Ну, не так уж давно. Сколько ей? Самое большее тридцать, может, чуть за тридцать.

— Я работала телохранителем в СЭПО.

Ни хрена себе! Ярнебринг про себя даже присвистнул.

— А тут сразу следствие по убийству, — сказал он вслух. — Причем в компании двух редких олухов.

— Это мое первое дело, так что мне очень интересно.

— Причем в компании двух редких олухов, — повторил он.

Она улыбнулась:

— Ты имеешь в виду Бекстрёма и Вийнблада? Я о них слышала. Хотя только сейчас начинаю думать, что это правда… то, что про них говорят.

— Бекстрём — типичный рвотный порошок, — поделился Ярнебринг. — Если он будет досаждать, скажи мне, я его вздую.

— Не надо. — Она снова улыбнулась. — Я это и сама могу сделать.

Странная девица, подумал он. Полиция меняется… Только в какую сторону?

— Сама, значит, можешь? Если прижмет?

— Могу, — кивнула она, не отрывая глаз от дороги. — Если прижмет.

Она высадила его у подъезда и, пока он обдумывал прощальную реплику, уже попрощалась.

— Спокойной ночи, — улыбнулась она. — Завтра увидимся.

Ярнебринг проводил машину взглядом. Анна Хольт, подумал он, инспектор Анна Хольт. Странно, как это они не встречались раньше. И он, и она служили в полиции всю свою сознательную жизнь.
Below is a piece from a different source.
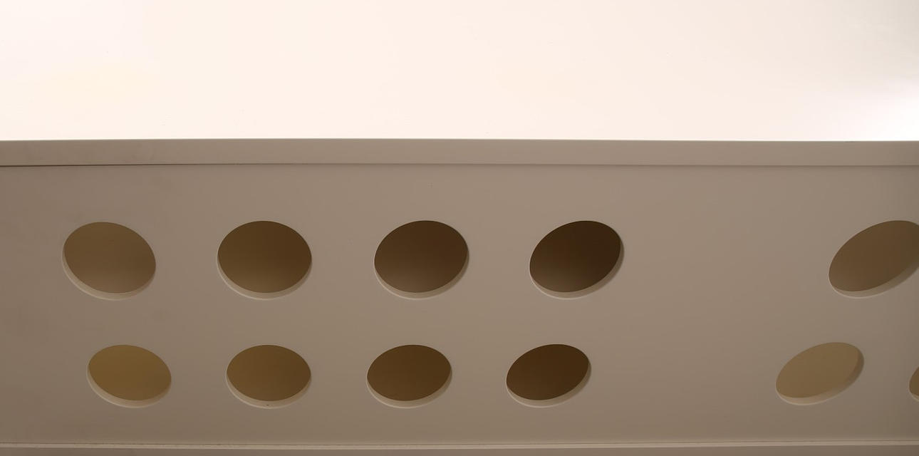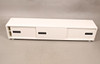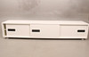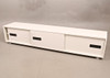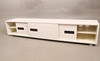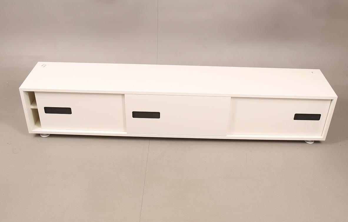 Vitlackerad mdf, fronten med tre skjutbara dörrar, längd 236, bredd 45, höjd 46 cm.

Бекстрём немало удивил Вийнблада: ни с того ни с сего предложил ему идти домой — он сам все запрет и опечатает.

— Давай закрывай, я подожду, и поедем вместе, — проявил благородство Вийнблад.

— Ну нет, — таинственно улыбнулся Бекстрём. — Мне надо проверить кое-какие соображения, если ты понимаешь, что я имею в виду. А тебе еще надо передать вещдоки в отдел. Так что увидимся завтра.
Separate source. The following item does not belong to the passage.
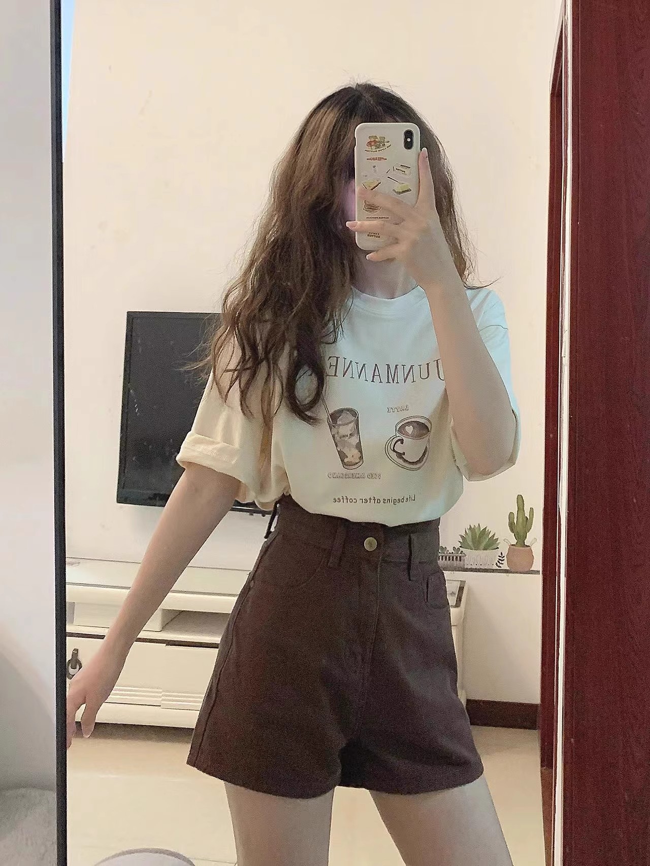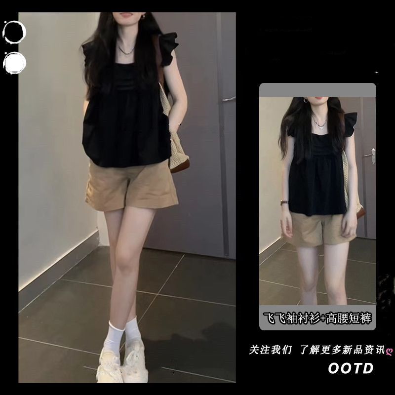 | nameOriginal | Simple Casual All-match Shirt suit Women's Early Summer New Arrival High Waist Shorts Slim-fit Flying Sleeve Top |

— Очень мило с твоей стороны, — сказал Вийнблад и подумал про себя: «Дрыхнуть ты будешь, а не проверять соображения».

Наконец-то, с облегчением вздохнул Бекстрём, как только этот полупедрила исчез со своим барахлом, тут же запер дверь и открыл шкаф. У этого дьявола полно дорогой выпивки, ящиками покупал… Надо бы заказать такси, но это опасно, решил он. Настоящий профессионал не станет подвергать себя ненужному риску. Тем более, кто знает, может, на улице уже торчит какой-нибудь ретивый журналюга. Ладно, будут еще возможности… Лучше так, чем вся эта прелесть попадет в общественный фонд, потому что родственников у покойника, похоже, нет.
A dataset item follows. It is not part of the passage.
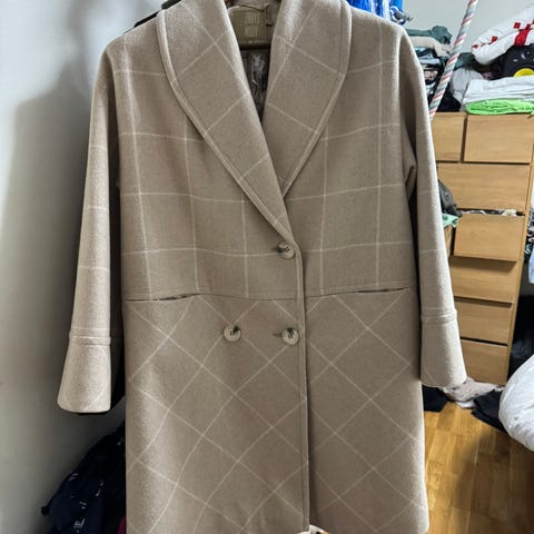 Flott kort kåpe selges. Str. 44. Klassisk og tidløs modell som sitter pent på. Kåpen har avtagbart kanin skinn, som gjør den like anvendelig både høst, vinter og tidlig vår.

Хорошо, что он в зимнем пальто. Альфа и омега при осмотре места преступления, весело подумал Бекстрём, — это хорошее пальто. Он рассовал по карманам несколько тщательно отобранных бутылок, запер за собой дверь и наклеил на нее пломбировочную ленту.

Дома он уселся на диване перед теликом и рассмотрел принесенные бутылки, думая, как ему спланировать расследование, чтобы немного подгадить Ярнебрингу и этой тощей мымре, что была с ним.

— На здоровье! — произнес он и поднял стакан с дорогим односолодовым виски, обращаясь к своему тусклому отражению в темном экране телевизора. Мебель, конечно, не такая дорогая, как у покойника… Пора бы привести домой какую-нибудь хрюшку с хозяйственными наклонностями, пусть хоть немного наведет порядок, а впрочем, хорошо и так. Черт с ней, с мебелью, зато выпивка у нас одна и та же, у жмурика и у меня, ухмыльнулся Бекстрём. Только я жив, а он нет, вот и вся разница. Он еще раз наполнил стакан почти до краев, и, когда уже допил последний глоток и собирался идти в постель, вдруг его осенило. Он внезапно понял, что произошло. Все было ясно: и мотив, и все детали. Он вдруг отчетливо увидел картину преступления, как степь при вспышке молнии. Вот это да, подумал он с удовольствием, вот эта да! Интересно.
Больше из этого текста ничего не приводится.